No pueden dudar los españoles del valor y constancia de nuestros guerreros, de su táctica y disciplina adquirida en los campos de batalla, del estado brillante de nuestros ejércitos armados con las bayonetas mismas destinadas para destruimos. Les consta que sus numerosas huestes han acabado á los filos de nuestras espadas: conocen que se han desvanecido los errores con que procuraron infatuar á la gente sencilla; que se propaga irresistiblemente el desengaño y generaliza la opinión á favor de nuestra causa; y sin embargo no cede su orgullo, ni declina su terca obstinación.

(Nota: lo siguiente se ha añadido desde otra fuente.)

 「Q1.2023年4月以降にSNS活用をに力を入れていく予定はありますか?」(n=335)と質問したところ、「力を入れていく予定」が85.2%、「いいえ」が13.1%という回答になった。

Y pretenden intimidar con los auxilios fantásticos que afectan esperar de la Península, de la exhausta, de la descarnada Península, como si se nos ocultara su notoria decadencia; ó como si temiéramos á unas gavillas que tenemos costumbre de arrollar. Ya para fascinarnos celebran con fiestas extraordinarias la restitución de Fernando VII, como si pudiéramos prometernos grandes cosas de este joven imbécil, de ese rey perseguido y degradado, en quien han podido poco las lecciones del infortunio, puesto que no han sabido deponer las ideas despóticas heredadas de sus progenitores; ó como si no hubiesen de influir en su decantado y paternal gobierno los Venegas, los Callejas, los Cruces, los Trujillos, los españoles europeos, nuestros enemigos implacables. ¿Qué más diremos? Nada mas es menester para justificar á los ojos del mundo imparcial la conducta con que estimulados de los deseos de nuestra felicidad, hemos procedido á instalar y organizar nuestro gobierno libre: jurando por el sacrosanto nombre de Dios, testigo de nuestras intenciones, que hemos de sostener á costa de nuestras vidas la soberanía é independencia de la América mexicana, substraída de la monarquía española y de cualquiera otra dominación.

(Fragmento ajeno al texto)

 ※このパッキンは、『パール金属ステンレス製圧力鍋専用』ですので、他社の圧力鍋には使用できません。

Naciones ilustres que pobláis el globo dignamente, por que con vuestras virtudes filantrópicas habéis acertado á llenar los fines de la sociedad y de la institución de los gobiernos, llevad á bien que la América mexicana se atreva á ocupar el último lugar en vuestro sublime rango, y que guiada por vuestra sabiduría y vuestros ejemplos, llegue á merecer los timbres de la libertad!

Puruarán febrero, de 1815.-Lic. José Manuel Herrera, presidente. -Lic. José María Ponce de León. -Dr. Francisco Argandar.-.Lic. Francisco Ruiz de Castañeda. ---Lic. José Ignacio Alas. -N. Pagola. -Pedro Villaseñor. -Manuel Muñiz. -Lic. Ignacio Ayala. -Mariano Anzorena. -Antonio Sesma. -Lic. José Sotero de Castañeda, diputado secretario.- Lic. Cornelio Ortiz de Zárate, diputado secretario.